**Your instructions**
Print nothing beyond the line with "Rurka zawierająca próbkę": every line from the beginning of the data up to it, that line included, and no pictures.

**Data excerpt**
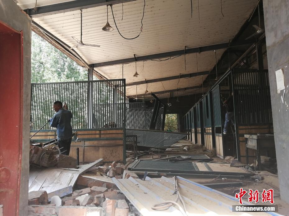7月16日,在郑州市上街区五云山被曝违规修建跑马场、别墅及高尔夫球场等问题后,坐落于山间的高尔夫球场、莱蒙多马场正在实施拆除。据当地官员介绍,拆除期限定为3天,届时,两处场所建筑将夷为平地。对于山间连片的别墅类建筑是否违建以及将如何处置,该官员称,官方会及时发布情况通报。图为处于山间的莱蒙多马场马房正在拆除中。刘鹏 摄
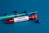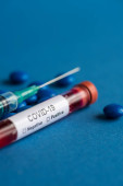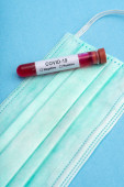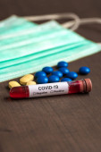 Rurka zawierająca próbkę krwi do badania na obecność koronawirusu / COVID-19 z maską i tabletką leku.
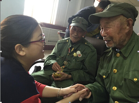 在光荣院,员工党员们陪着老人们聊天、下棋,听老人讲述艰苦战争岁月与今天的幸福生活,帮助他们打扫屋子,做些力所能及的劳动。抗日老兵李民强爷爷对员工党员说:“现在的生活和教育条件好了,你们应该珍惜现在的一切,相信知识能够改变命运,坚持活到老学到老。”

**Answer box**
7月16日,在郑州市上街区五云山被曝违规修建跑马场、别墅及高尔夫球场等问题后,坐落于山间的高尔夫球场、莱蒙多马场正在实施拆除。据当地官员介绍,拆除期限定为3天,届时,两处场所建筑将夷为平地。对于山间连片的别墅类建筑是否违建以及将如何处置,该官员称,官方会及时发布情况通报。图为处于山间的莱蒙多马场马房正在拆除中。刘鹏 摄
 Rurka zawierająca próbkę krwi do badania na obecność koronawirusu / COVID-19 z maską i tabletką leku.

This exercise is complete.